## Your assignment
Could you restate the whole listing below word for word, minus the pictures?

## Data extract
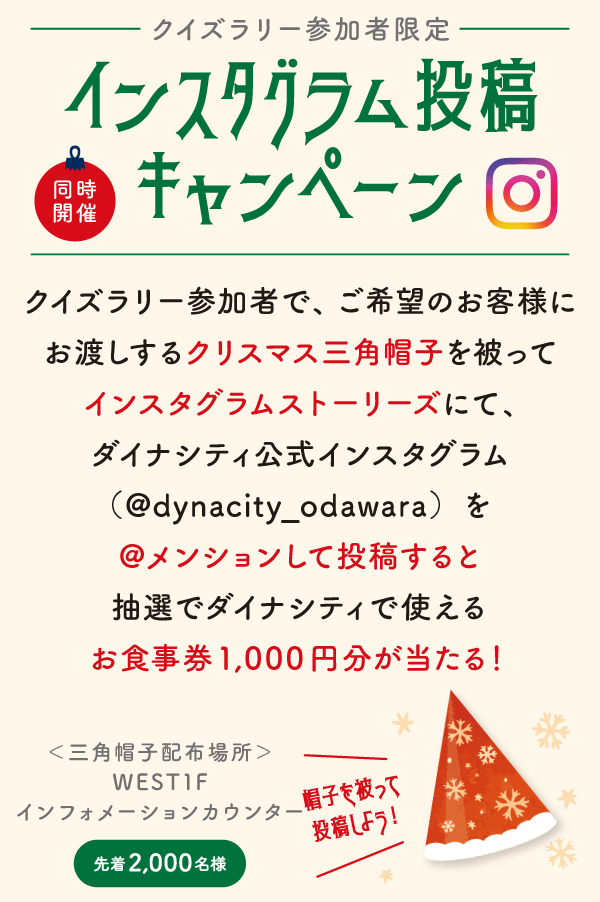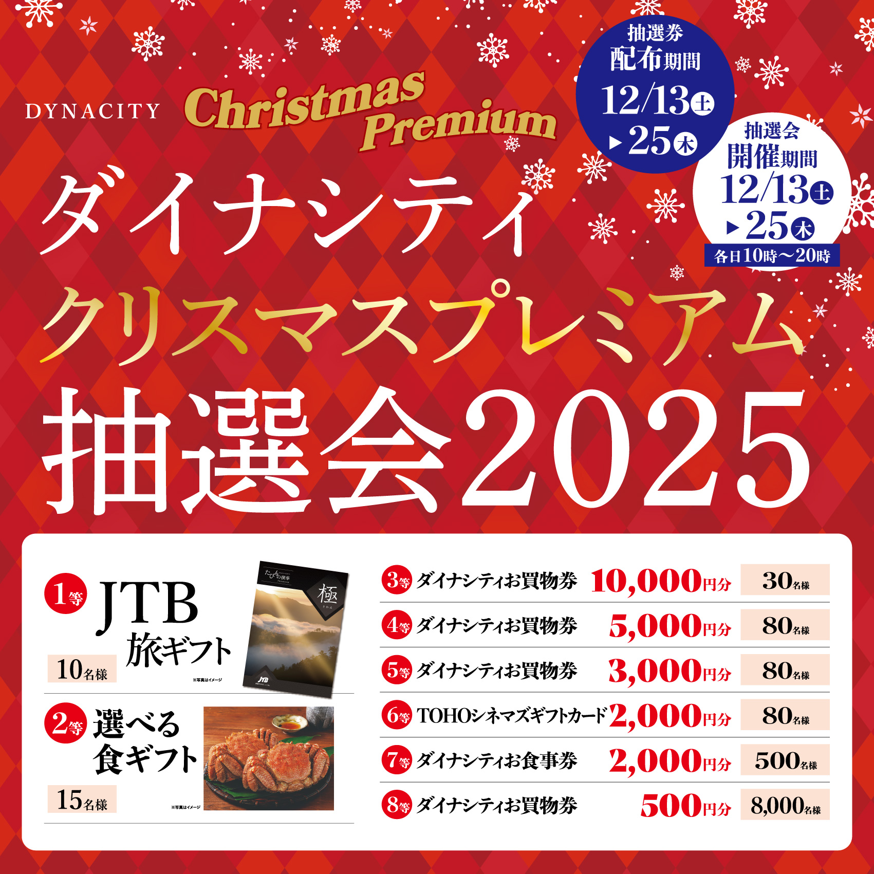 期間中、ダイナシティ専門店(対象外店舗有)でお買上げ5,000円(税込み)毎に抽選券1枚進呈。抽選券は1枚で1回、補助券は5枚で1回、抽選会にご参加いただけます。
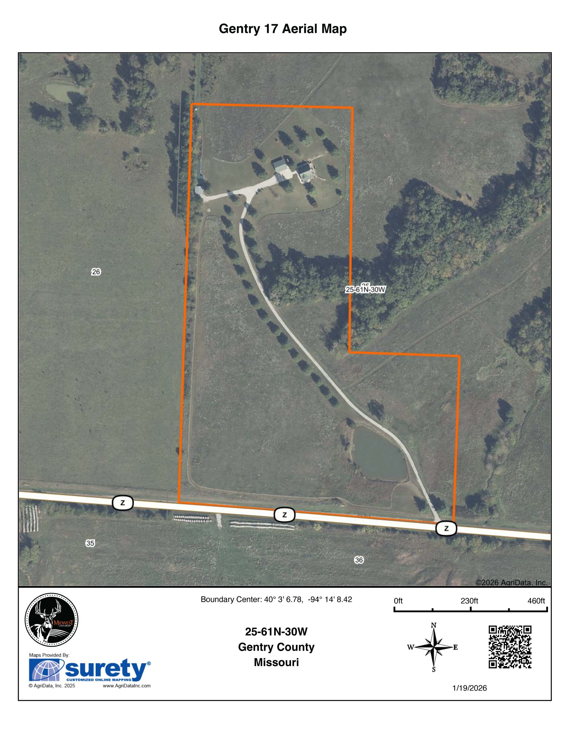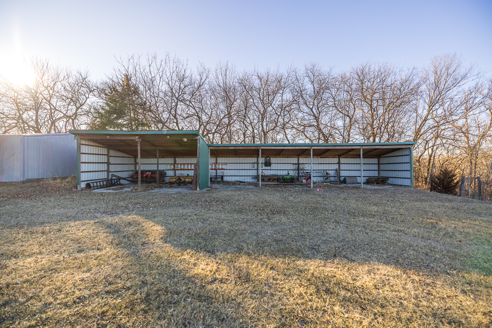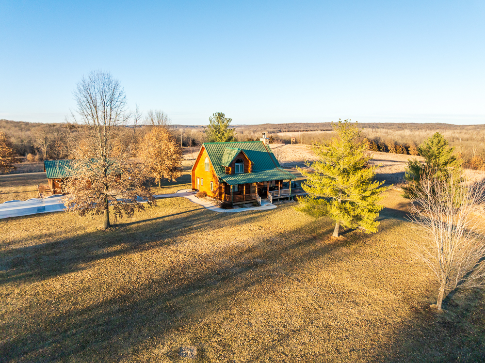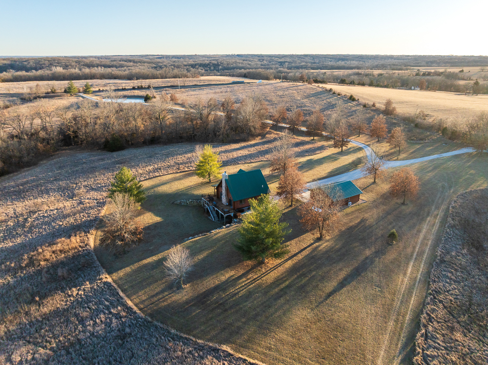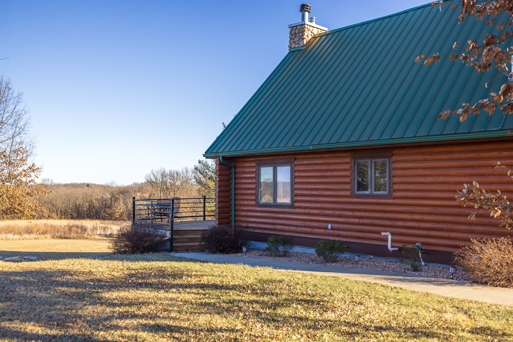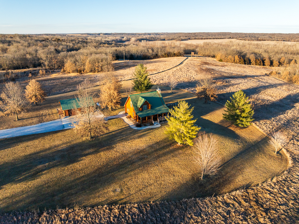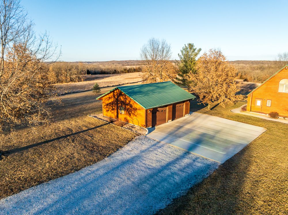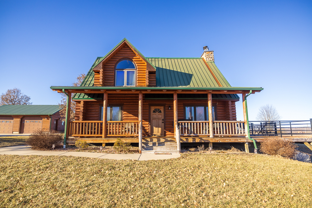 Beautiful secluded country setting with gorgeous views. This 17+/- acre property sits just into Gentry County with paved road frontage. Just minutes from Interstate 35, as you pull in, you will already feel how secluded this property is as you drive across the pond dam along the treed driveway. Tucked over 400 yards off the road, you will find a beautiful log home that has that feeling you are in the mountains on vacation. Custom stone fireplace, antler chandelier, log railings, hardwood floors, and open vaulted ceilings with a large loft. The master is on the main level with a full bath and an open kitchen. Outside, you will find a covered front porch leading to a wrap-around deck with new metal railing and low maintenance metal roof. The walk-out basement gives you even more room for friends and family with an additional bathroom, laundry hookups, and wood burning stove. The large 2-car garage matches the log home and is fully insulated with mini-split HVAC. There is also a small shop and a large lean-to for your equipment storage. Very well kept, this property also has potential as a rental for additional income if you are not considering it as your primary residence. There is a new Marathon water heater, and the HVAC system has all been replaced within the last couple of years. Attention to detail and that mountain feeling are what you will find on this one-of-a-kind acreage. Call Paul Lowry at (816) 500-2513 to schedule your private tour today.
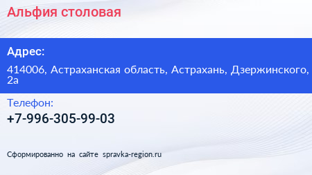 Альфия, столовая по адресу 414006, Астраханская область, Астрахань, Дзержинского, 2а в дальнейшем Организация, размещена в следующих категориях:

## Problem solution
 期間中、ダイナシティ専門店(対象外店舗有)でお買上げ5,000円(税込み)毎に抽選券1枚進呈。抽選券は1枚で1回、補助券は5枚で1回、抽選会にご参加いただけます。
 Beautiful secluded country setting with gorgeous views. This 17+/- acre property sits just into Gentry County with paved road frontage. Just minutes from Interstate 35, as you pull in, you will already feel how secluded this property is as you drive across the pond dam along the treed driveway. Tucked over 400 yards off the road, you will find a beautiful log home that has that feeling you are in the mountains on vacation. Custom stone fireplace, antler chandelier, log railings, hardwood floors, and open vaulted ceilings with a large loft. The master is on the main level with a full bath and an open kitchen. Outside, you will find a covered front porch leading to a wrap-around deck with new metal railing and low maintenance metal roof. The walk-out basement gives you even more room for friends and family with an additional bathroom, laundry hookups, and wood burning stove. The large 2-car garage matches the log home and is fully insulated with mini-split HVAC. There is also a small shop and a large lean-to for your equipment storage. Very well kept, this property also has potential as a rental for additional income if you are not considering it as your primary residence. There is a new Marathon water heater, and the HVAC system has all been replaced within the last couple of years. Attention to detail and that mountain feeling are what you will find on this one-of-a-kind acreage. Call Paul Lowry at (816) 500-2513 to schedule your private tour today.
 Альфия, столовая по адресу 414006, Астраханская область, Астрахань, Дзержинского, 2а в дальнейшем Организация, размещена в следующих категориях:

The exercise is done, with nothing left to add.